Phaedra Musselman, 42, pilot

From left, Pararescueman, Staff Sergeant Ronald Raymond, 33
Photo Credit: Newsday/Alejandra Villa

With Musselman, of Wading River, center,  at the National Guard base at Gabreski Airport in Westhamption are, from left,  Staff Sgt. Ronald Raymond, 33, of West Babylon; and  Airman 1st Class Brian Coleman, 18, of Manorville.
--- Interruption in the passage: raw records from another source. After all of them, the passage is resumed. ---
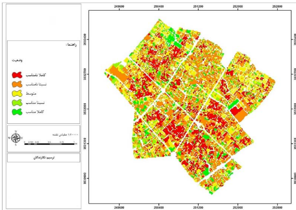
نقشه ۳: تحلیل سلسله‌مراتبی شاخص‌های تاب‌آوری در بافت تاریخی شهر یزد

حداقل زمان به بازیابی فعالیت‌ها پرداخته و شهر، پایداری و پویایی خود را بازیابد. در غیر این صورت شاهد ویرانی فزاینده شهر خواهیم بود.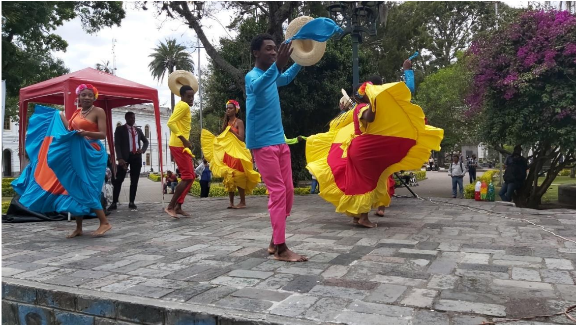
Figura 7. Grupo de Danza Afro UTN bailando marimba 7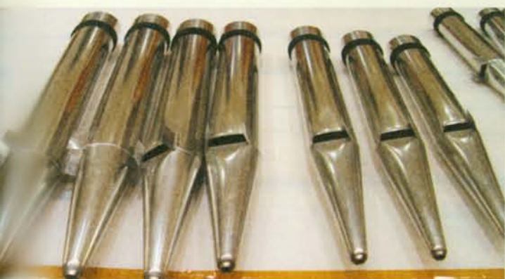
▲ 管風琴裝有許多風管。

巴哈以出神入化的鍵盤與高超無比技術聞名於世，大家可以想像，當音樂家手腳並用，又是鍵盤、踏板、音栓、飛毛腿及千手幻影在台前飛舞忙碌，那表演盛況必定引人讚嘆。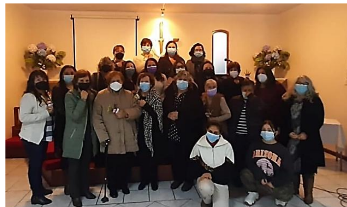
Aniversario 107 Sociedad Femenina de Ovalle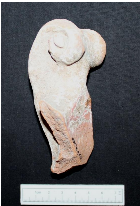
Fig. 2: Volutformet hank fra en havevase (x20).

Af dekoreret lertøj ses et dekorativt element fra en havevase (x20, Fig. 2). Der ses en volutformet hank, som på hele fladen er dækket med en tyk, hvid pibelpersbegitning, og der kan ses mulige spor efter en glasering. Dateringen på vasen kan være fra 1600tallet og fremefter.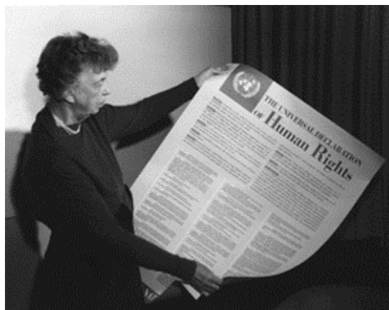
Eleanor Roosevelt sosteniendo poster de la declaración de los Derechos Humanos

El legado de las revoluciones burguesas lo podemos ver en documentos actuales, como la Declaración Universal de los Derechos Humanos, promulgada por la ONU en 1948, en la que los países firmantes se comprometen a defender los derechos humanos de las personas, sin distinción de género.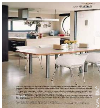
grande cuisine américaine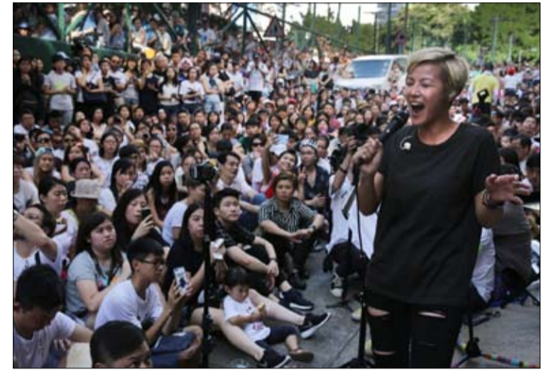
دينيس هو دفعت الثمن باهظا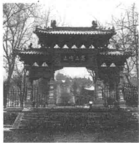
嵩阳书院一高山仰止牌坊

相传，杨时、游酢来到嵩阳书院拜见程颐，但是正遇上程老先生睡觉。这时，外面开始下起鹅毛大雪。二人求师心切，便恭恭敬敬地侍立门外，不言不动，静候着老师醒来。如此等了大半天，程颐才慢慢睁开眼睛，见杨时、游酢仍然站在门前，不禁大吃一惊。这时门外的雪已经积了一尺多厚了，而杨时和游酢并没有一丝疲倦和不耐烦的神情。深受感动的程颐便倾尽自己心力将所学全部传授给这两位虔诚的弟子。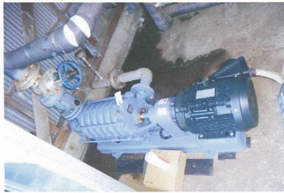
老朽化した畑地灌漑用ポンプの更新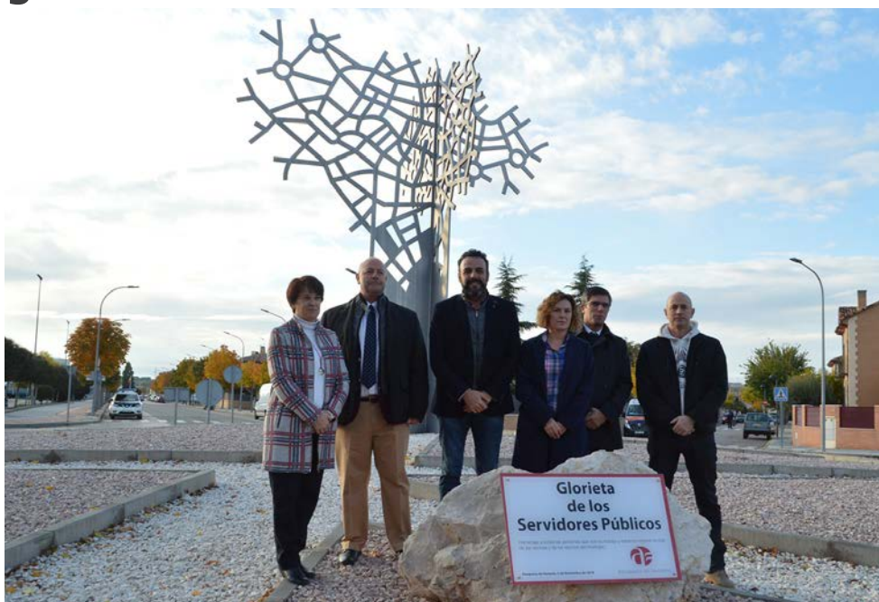
► Un momento del acto de nombramiento de la Glorieta de los Servidores Públicos ► Asistentes al acto escuchan a los intervinientes

Tras descubrir la placa, el alcalde aseguraba que se hacía un "merecido homenaje a quienes trabajan cada día para prestar servicios a la ciudadanía", al tiempo que reivindicaba los servicios públicos "como eje transversal" de las políticas del gobierno municipal, que "apuesta por garantizar la igualdad de oportunidades a todos y a todas, al margen de sus posibilidades económicas". El alcalde agradeció a IU la iniciativa y destacó la "profesionalidad y humanidad" de los trabajadores públicos y su disposición a "estar al lado del que más lo necesita".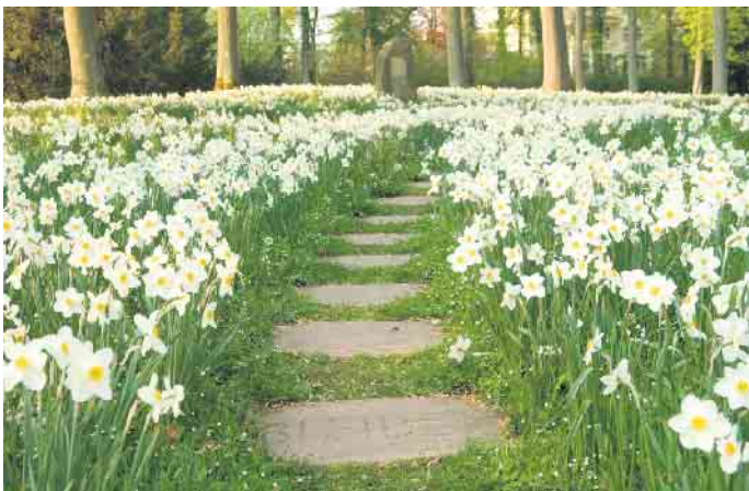
Präsentiert sich jedes Jahr in einem blühende Narzissenmeer: Der Hölderlin Hain in Gedenken an den Dichter Friedrich Hölderlin, der hier 1896 wohl die schönste Zeit seines Lebens verbrachte.

“The one thing about the military, the days are never the same,” said Musselman, 42, of Wading River. Her Air National Guard unit is part of the 106th Rescue Wing at Francis S. Gabreski Airport in Westhampton Beach, and Musselman’s days are now filled with rescues in Houston, where she is helping Hurricane Harvey flood victims. “We have certain assignments we are supposed to do, so hopefully my day includes flying, but that’s not the case usually. I fly anywhere from one to three times a week. The other times I have a lot of desk roles in that I’m a special projects officer . . . one of my assignments is RA [resource adviser] duties. I handle all the days, the dollars, the monies associated with running the squadron. In addition, I train the members within the unit, and from there, I also am a unit health monitor, so I watch people with their PT [physical training] skeds, their physical assignments, and I track all the flying hours for the unit. Basically, what we full-timers do is make sure the squadron is running on a day-to-day basis for any of the part-timers, so that when they get in, they get what they need. There’s a lot of computer-based training, there’s hands-on ground training and there’s flying training. Everything I do is making sure that when that particular Guardsman comes in, they get what they need, and then be ready for deployment overseas.”

“That I make a difference. Every day. I actually believe the motto for the rescue community, ‘So that others may live,’ so that even though today I may not have a mission, maybe one day I will, and I’ll be able to go out there and help somebody, because I’m a mom myself. I have two daughters, 4 and 6, and I would want somebody to make that extra effort for them. Any time anybody can help another service member, I think it is something that is worth doing. It’s funny, something inside of you, you put the uniform on and for some reason, God puts in your brain, ‘This is what you have to do.’ And you just start doing this.”

The hardest part of the job is “the training, the fact that we have so many currencies and new assignments. There are things we practice every day, and then there are others, like the Bambi Bucket for lowering into the sea for collecting water, for fighting fires onboard a ship] and it’s not something we do every day — that’s where it gets a little difficult. If you don’t do it often, you lose that proficiency. And we get behind. We always brief. We will prepare before the brief, read the checklist, learn the lessons that might not be in a book, sit down with the brief together and get on the same page. All before you even get out to the aircraft. We go through the checklist step by step on the ground.”

“Most people don’t know about our unit. We have an international Guard unit there. We go overseas and deploy. And we’re not the only ones. There are the Special Forces, too. The Fire Department, too. The C-130s and the pararescuemen. We may not get tasked that day, but we do get a lot of . . . requests to help members.”